We are pleased to introduce this collection of papers in the special issue on Big Data, IoT Streams and Heterogeneous Source Mining. Earlier versions of these extended papers were presented at BigMine 17—a KDD 2017 workshop, which was held in Halifax, Canada, on 14 August 2017. After the workshop, we invited the authors of the long-presentation papers to submit an extended version of their papers to this special issue with JDSA. The reviewers of JDSA conducted a thorough review process for the extended papers. Finally, we accepted five papers for this special issue. These papers involve a number of applications from evolving news streams to event detection in time-series data, covering a range of techniques from clustering to deep learning.
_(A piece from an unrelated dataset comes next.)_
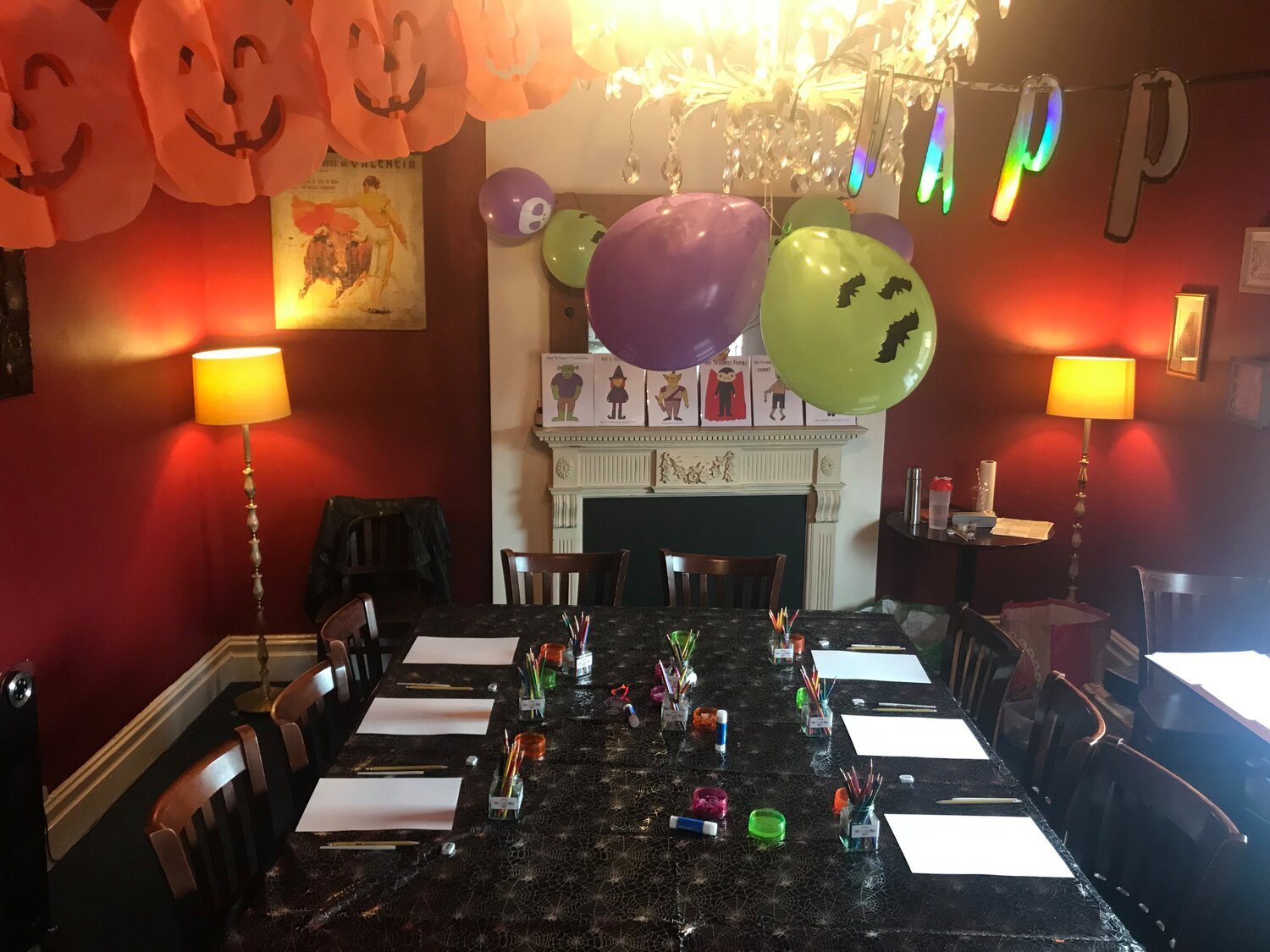 We had a super spooky time at The Teacup Doodles Halloween workshop this month. I’m a bit of a fan of Halloween because I love the excuse to get dressed up. I wanted to create a fun, party atmosphere for the children so I decorated the room in advance with Halloween themed decorations and balloons.

These five papers are roughly classified into two categories, as follows.

Evolving Data Streams

  • BFSPMiner: An Effective and Efficient Batch-Free Algorithm for Mining Sequential Patterns over Data Streams [1] presents a method for efficiently mining patterns in streams without being constrained to the traditional batch-based processing.
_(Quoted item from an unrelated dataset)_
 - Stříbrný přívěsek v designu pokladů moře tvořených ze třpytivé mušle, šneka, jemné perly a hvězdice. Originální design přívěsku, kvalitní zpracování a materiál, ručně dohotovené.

  • Analyzing Evolving Stories in News Articles [2] detects the origin of an event in news streams and can segment the timeline into disjoint groups of coherent news articles.

Process Models and Anomaly Detection

  • AdaHash: Hashing-Based Scalable, Adaptive Hierarchical Clustering of Streaming Data on Map-Reduce Frameworks [3] proposes a hierarchical clustering method on Map-Reduce which responds rapidly to new data.

  • Online Conformance Checking: Relating Event Streams to Process Models using Prefix-Alignments [4] provides a novel approach to incrementally compute prefix-alignments, thus paving the way for real-time online conformance checking.

  • dLSTM: a new approach for anomaly detection using deep learning with delayed prediction [5] develops a method based on several LSTMs that can detect anomalies in time-series data and dynamically select the most appropriate model for prediction.

We believe that these papers offer an excellent snapshot of the variety of methods and applications currently studied in the data stream literature, and are relevant to researchers as well as practitioners in industry who are looking to meet the challenges posed in this modern area of ubiquitous data streams.